Nous agîmes de même au « Baril de Bière », sur l’autre trottoir, près de Chicago Avenue. Même genre, même atmosphère, mais un peu plus de monde et deux barmen au lieu d’un. Au bar, nous nous trouvâmes isolés, ce qui nous permit de parler librement.
— N’allez-vous pas essayer de les faire parler ? De découvrir ce que papa faisait, ou quoi ?
Il secoua la tête.
— Il s’agit bien de découvrir ce qu’il faisait, ce qu’il cherchait… Attends, tu vas comprendre.
Nous sortîmes et revînmes sur nos pas, pour entrer dans un autre établissement, où je saisis le sens des paroles de mon oncle. Ici l’atmosphère était différente. De la musique – si l’on pouvait dire – des femmes, presque autant que d’hommes ; les unes jeunes, les autres moins, presque toutes soûles. Quelques prostituées.
Nous commandâmes des bocks et je me sentis heureux de penser que papa n’était pas venu ici. Il était sorti pour boire, voilà tout.
Nous repartîmes ensuite pour Chicago Avenue, dépassâmes le poste de police. La Salle Street et Wells Street. Il avait pu tourner vers le sud, ici. Vers minuit et demie…
Hier soir, songeai-je, vers la même heure…

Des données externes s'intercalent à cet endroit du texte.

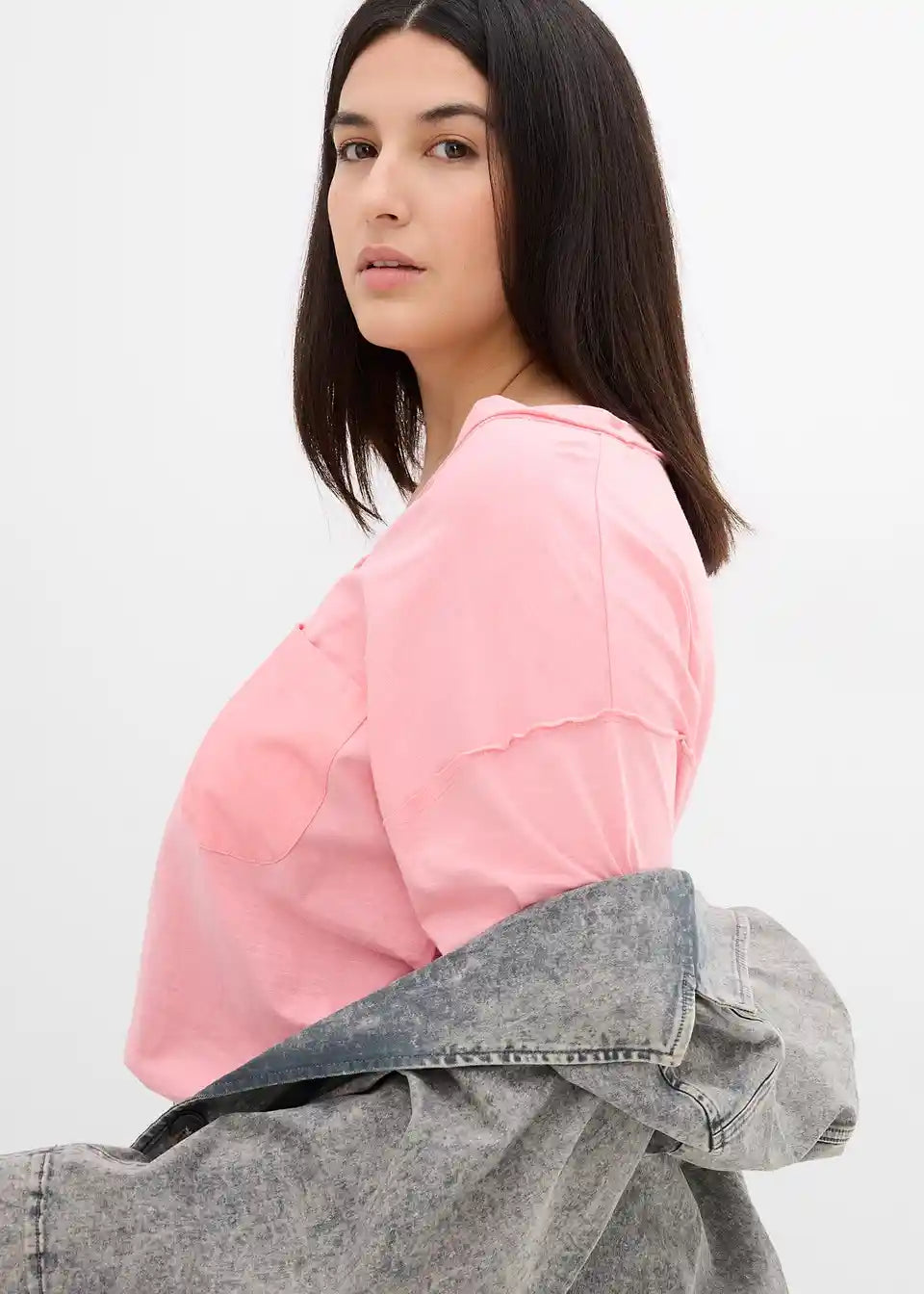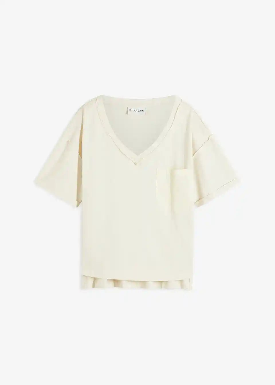 Trendovski oversized T-Shirt s V-izrezom i našivenim džepom

À Franklin Avenue, nous fûmes assourdis par le bruit d’une rame du métro aérien, passant en trombe au-dessus de nos têtes. Nous continuâmes jusqu’au coin de Orléans Street. Tout près, dans Chicago Avenue, une enseigne portait le nom de « Bière Topaze », ce devait être la boîte de Kaufman, car il n’y avait pas d’autre taverne dans ce pâté de maisons.
La dernière station de papa.
— Nous y allons ? demandai-je.
Mais mon oncle fit un signe négatif. Nous restâmes là cinq minutes au moins, sans rien dire. Je ne lui demandai même pas d’explication. Puis, il dit :
— Eh bien, petit ?
— Bien sûr, répondis-je.
Nous prîmes Orléans Street. Nous y allions, maintenant. Nous allions voir la ruelle.